The lice counts are presented in a way that make it easy to compare the status from pen to pen.

More accurate – Less resource-intensive

Aquabyte LICE delivers daily lice counts with greater accuracy than traditional weekly manual counts—completely without handling the fish. This improves fish health and welfare while saving employees from time-consuming and physically demanding work.

Simplified reporting to authorities

Aquabyte LICE simplifies the process of reporting lice counts to authorities. Lice reports are easily generated within the system, providing detailed status for the four lice types for each individual pen. These reports can be stored in Aquabyte LICE and used as a basis for the mandatory lice count submissions.

Q&A

Machine learning is a form of artificial intelligence. It is software, a network of algorithms, that is trained to recognize and interpret patterns in images and data sets. The technology behind it is the same that is used in facial recognition on social media, to analyze surroundings for self-driving cars – and to recommend movies and music on Spotify and Netflix based on your previous selections.

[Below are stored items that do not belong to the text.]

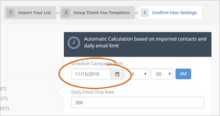 You may also set the drip rate (optional) of your email. A drip rate is the number of emails that will be going out daily during the campaign.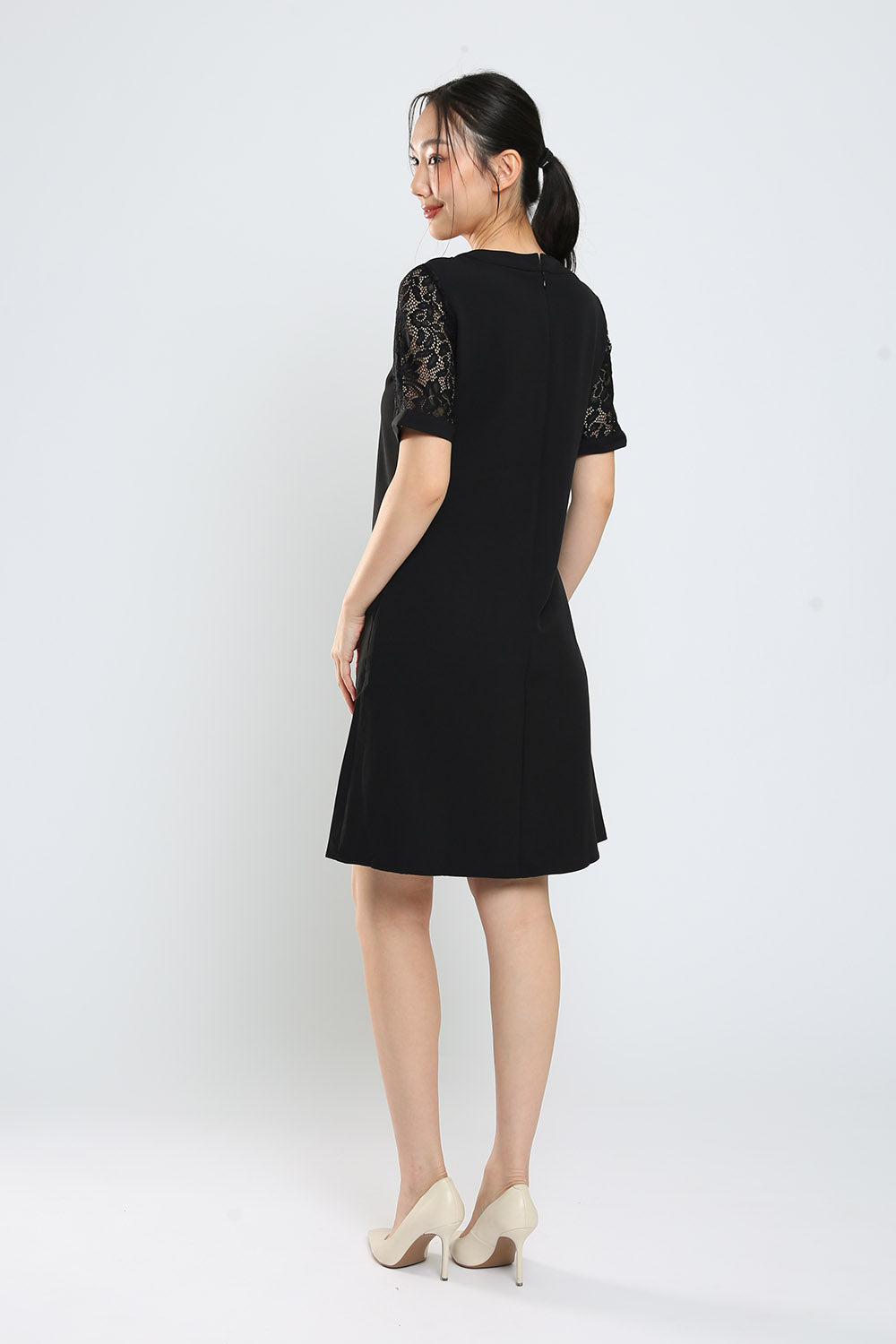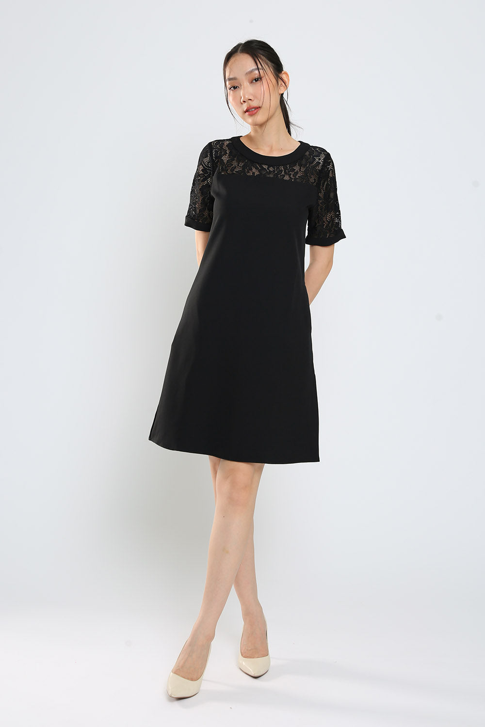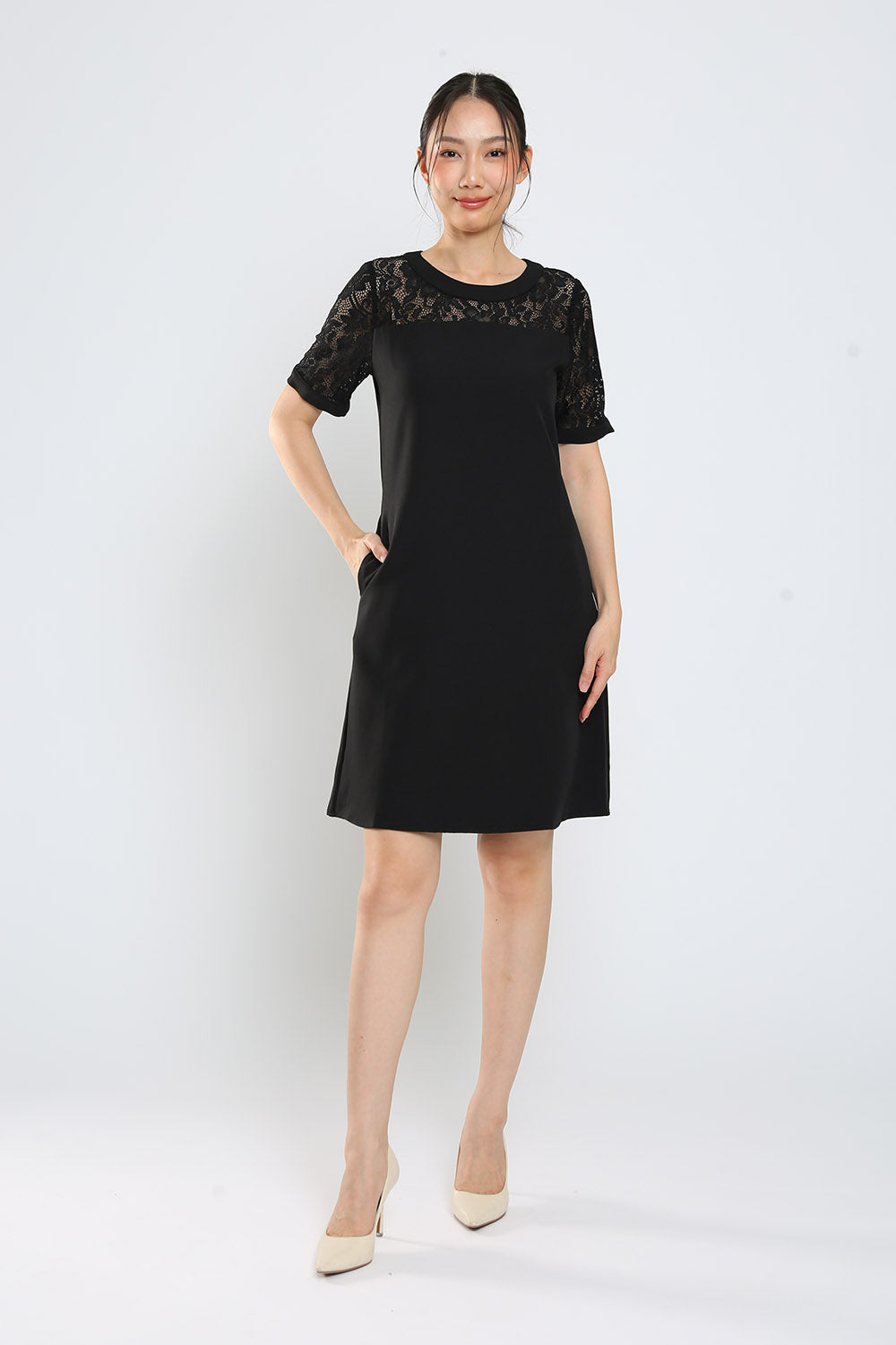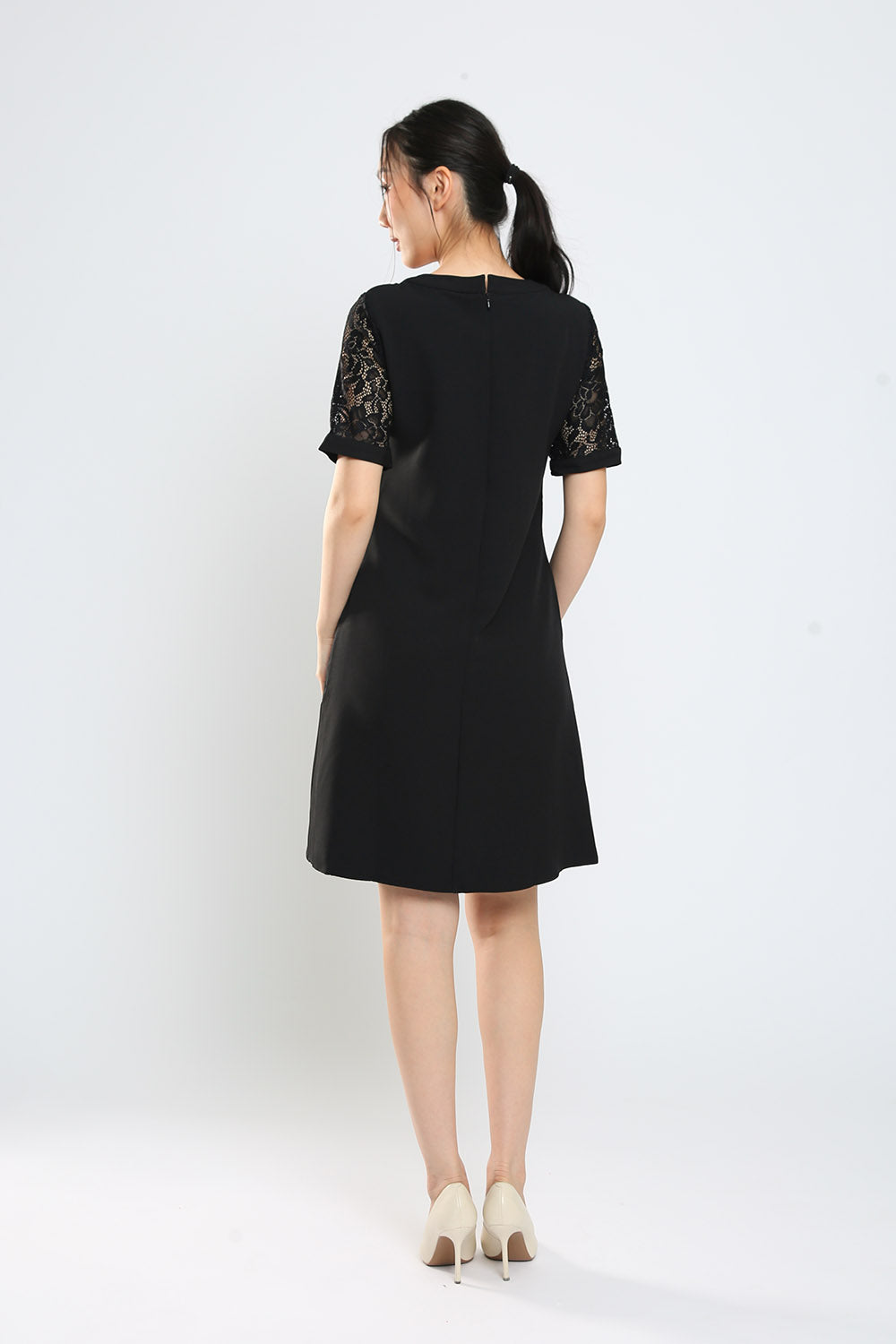 Transform your look with the Kadin Shift Dress in Black Lace. The daring front and sleeve lace details add a touch of edginess, while the back zip closure keeps you looking flawless. Plus, side pockets make it perfect for a night out on the town! Take a fashion risk and elevate your style.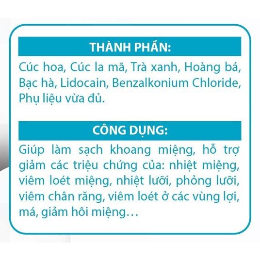Giúp làm sạch khoang miệng, hỗ trợ giảm các triệu chứng của: nhiệt miệng, viêm loét miệng, nhiệt lưỡi, phỏng lưỡi, viêm chân răng, viêm loét ở các vùng lợi, má, giảm hôi miệng…
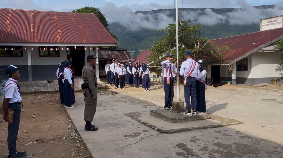 Satgas III Preventif Ops Madago Raya melalui Pos Kamtibmas Tamanjeka menggelar upacara bendera di SD SMP SATAP Uweralulu, Kecamatan Poso Pesisir, Kabupaten Poso, pada Senin (24/2/2025). Upacara ini dipimpin langsung oleh Danpos Tamanjeka, Bripka Ismianto.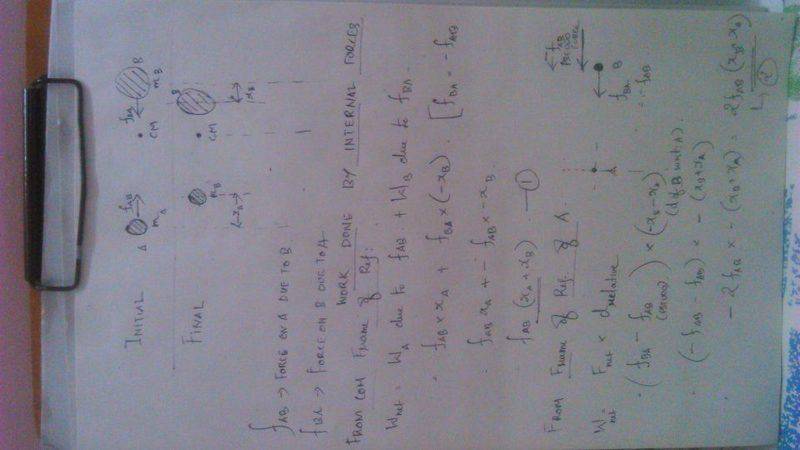 Computing the work done by internal forces on a system of particles, under two different frame of references, i obtain two different answers.I have uploaded the image of the derivation.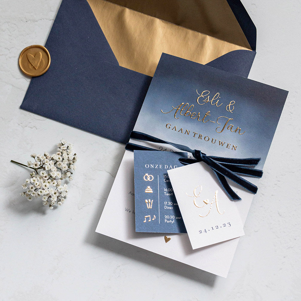 Deze trouwkaart met goudfolie en labels bestaat uit meerdere kaartjes in verschillende formaten. De hoofdkaart heeft een donkerblauwe watercolor achtergrond en een formaat van 17x11,5 cm. Op de twee kleine kaartjes is er plaats voor een trouwlogo met jullie initialen, extra informatie en deze zijn al voorzien van een gaatje. Je maakt de kaartjes aan elkaar vast met een mooi touwtje of lint. Deze mag je nog los bestellen bij de kaarten en vind je via de pagina met extra producten.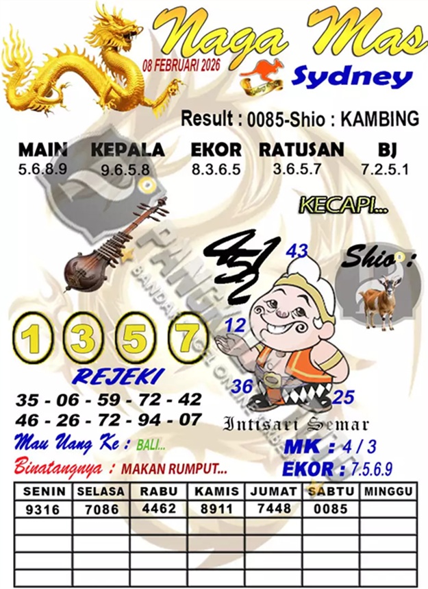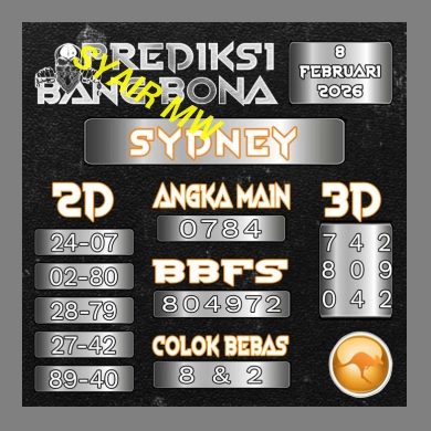 SYAIR PREDIKSI KELUARAN SYDNEY, 8-Feb-2026

In a normal software, a calculation is performed on the basis of data that is entered into the software. In machine learning, software and algorithms evolve as they are “trained” with new datasets. This training becomes a form of pattern recognition, where the algorithms learn what to look for based on prior examples. As new training data and examples are provided to the machine learning software, the algorithms generate more and more precise results.

Let’s say that the algorithms are trained to recognize salmon lice. The algorithms are given training data, consisting of many images of salmon with annotations of lice in different stages. Through feedback in the form of these examples, the algorithms become increasingly accurate in recognizing salmon lice. It is important that the photos are taken under real conditions in the cage: changing lighting conditions, different angles of the fish, for example.

The quality of the algorithms is important. Algorithms may need to be adjusted along the way to emphasize biological factors in the data that make the results more accurate. For example, consider an algorithm that recognizes individual fish based on unique spot patterns. If algorithms are to recognize the same fish over time, these algorithms must also have the capacity to understand how these spot patterns change with the growth of the fish.

Images are taken with an underwater camera in the cage. Per Erik Hansen, Product Manager for Lice and Welfare at Aquabyte, mentions that the company uses a standard two-lens camera with particularly good optics to be able to measure 3D distance to the fish. The camera continuously takes images, and is placed in an optimal location such that as many fish as possible can swim past. Software running on the camera filters out unused images and analyzes the best ones.

“Customers who have used the system for a long time report that the results turn out to be in line with reality,” Per Erik Hansen continues. Farmers get daily lice numbers for each cage, with lice counts on far more fish than possible with manual counting. “The software distinguishes individual fish from each other, such that the same fish is only counted once. This contributes to Aquabyte delivering lice numbers with great accuracy,” notes Hansen.

Precise counting of salmon lice and accurate estimation of weight data and distribution are two use cases that have received fully developed solutions. Fish welfare is another important application area, including detection of winter sores, deformations, and other external changes on the fish. By giving the farmer much better insight and basis for decision making, it will be possible to improve daily operations, and in general achieve more efficient and sustainable fish farming.